We can create an animation by modifying some parameters of the plot. For example, to change the camera angle, we use the plot! function with the camera keyword arguments.

anim = @animate for i in vcat(30:60, 60:-1:30)
    plot!(plt, camera = (i, 65))
end

Finally, we save the animation by the gif function as in the previous example.

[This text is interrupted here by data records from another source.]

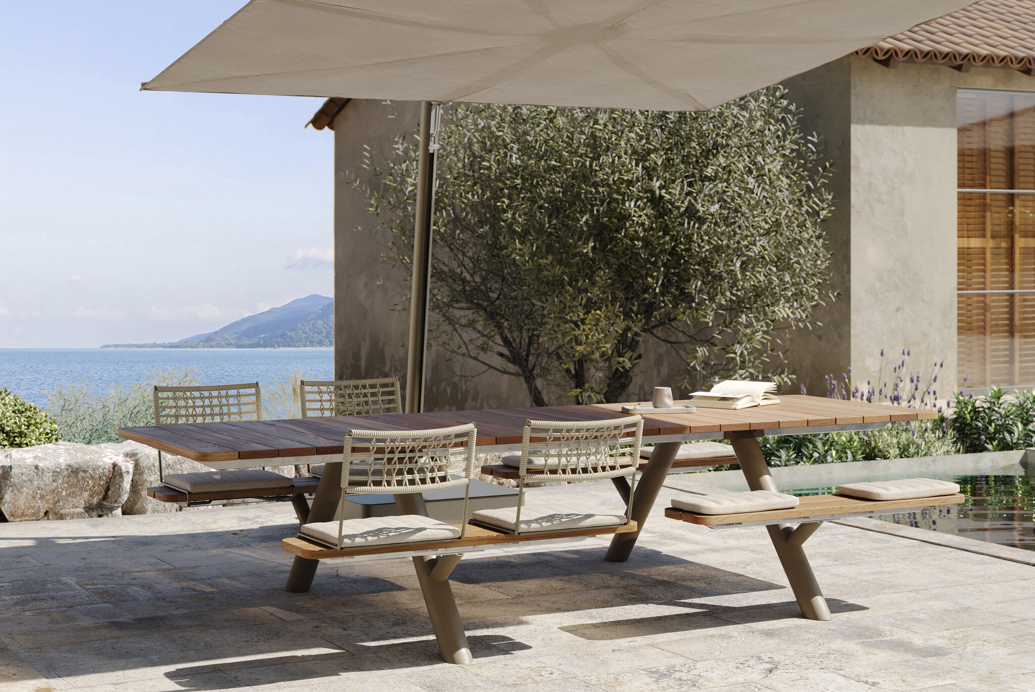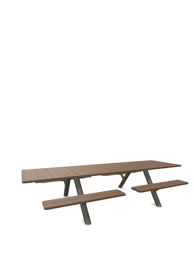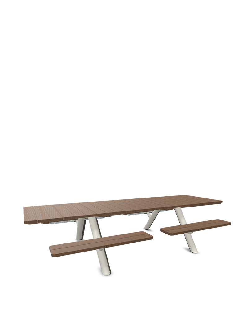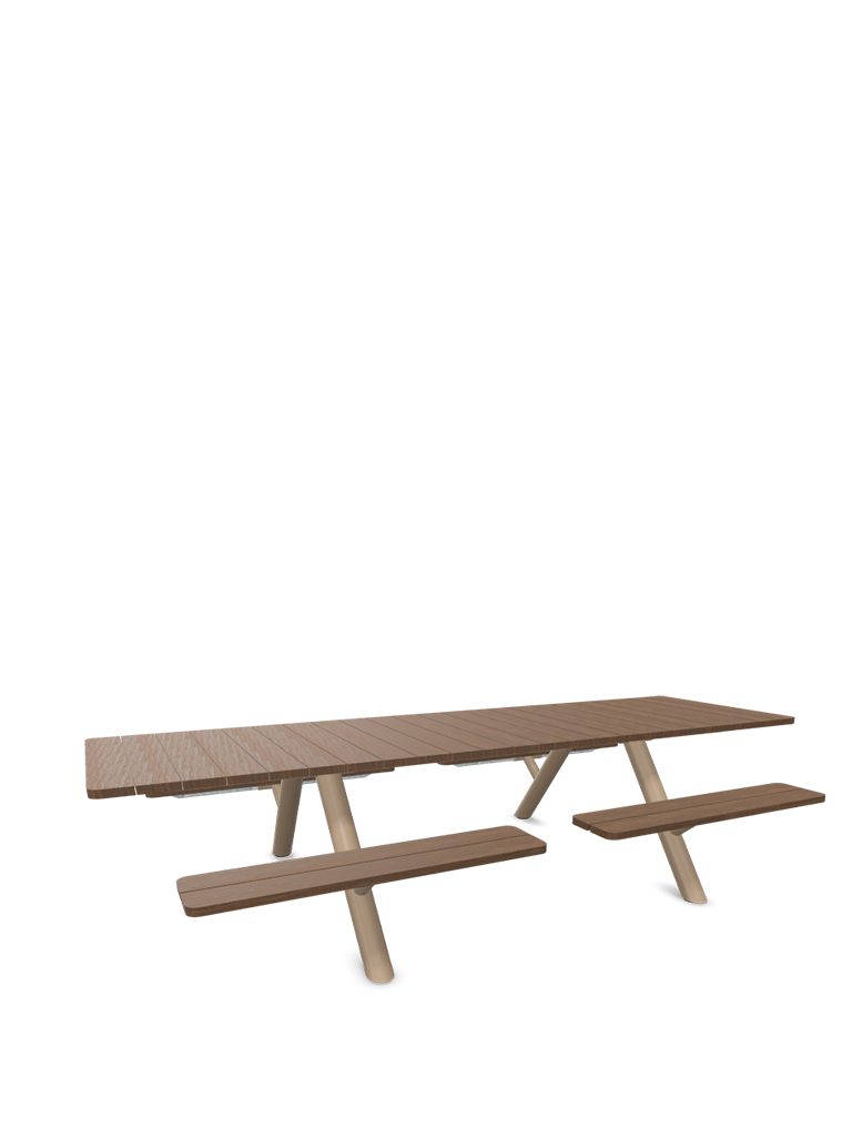 The Panigiri Picnic is the playful, informal version of the Panigiri table. Inspired by the warmth and hospitality of the Greek Panigiri festival, this picnic table invites everyone to gather and enjoy. Its smart modular design makes it endlessly extendable yet compact to transport and store. Perfect for picnics, parties, or large outdoor dinners.
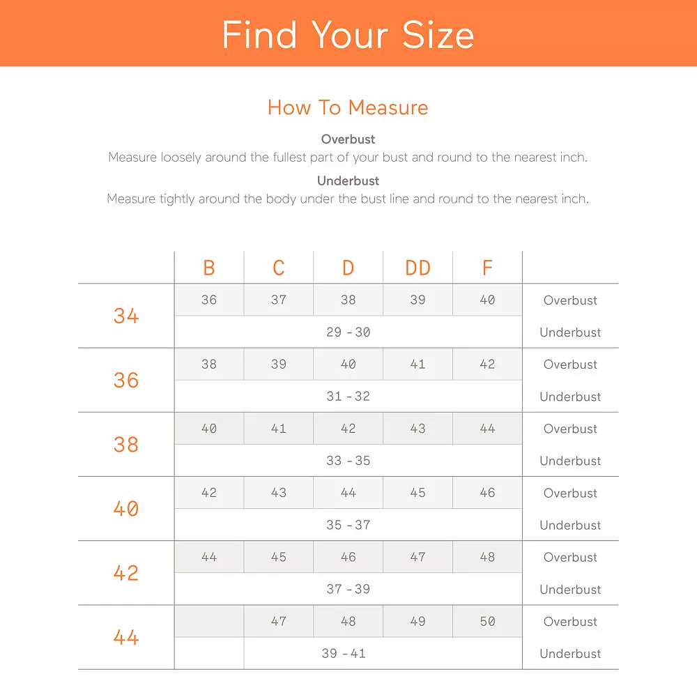 - 3-row closure: 38-40C, 36-40D, 34-38DD
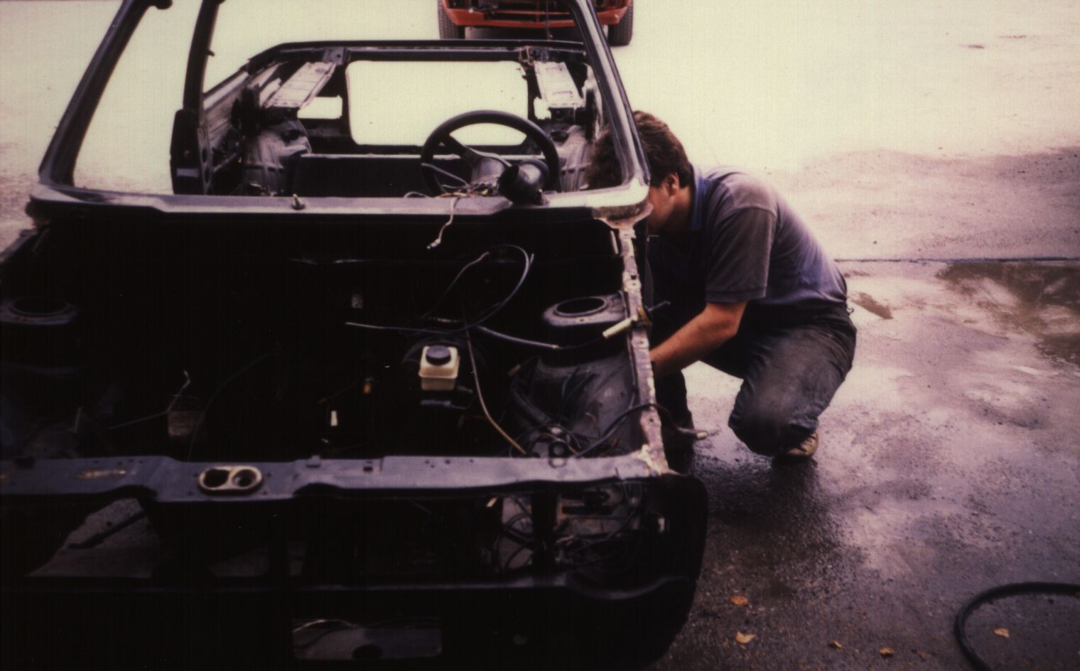 1992 dann die erste Totalsanierung . Der verpfuschte Heckschaden wurde mit neuem Heckblech und Radläufen etc richtig behoben .... sämtlicher Rost entfernt und alle Schweißnähte zur VErsteifung nachgeschweißt.... in dem Zuge kamen Recarositze rein, ein halbes Jahr später flog der JB Motor zugunsten eines KR raus. Bei der Aktion verschwand auch der Tittentacho und das neuere Abrett zog ein um den G2 Tacho unter zu bringen .

gif(anim, "animsurf.gif", fps = 15)

Integration with other packages

Plots package provides a simple way of defining special plots for custom data types using the so-called recipes (recipes are defined in a stand-alone package RecipeBase). By defining custom recipes, it is possible to change the data preprocessing before they are plotted. Many packages provide specialized plot recipes. For example, StatsPlots provides recipes for plotting histograms and boxplots or violin plots. This package also offers recipes to treat DataFrames and Distributions, allowing simple plotting of tabular data and distributions.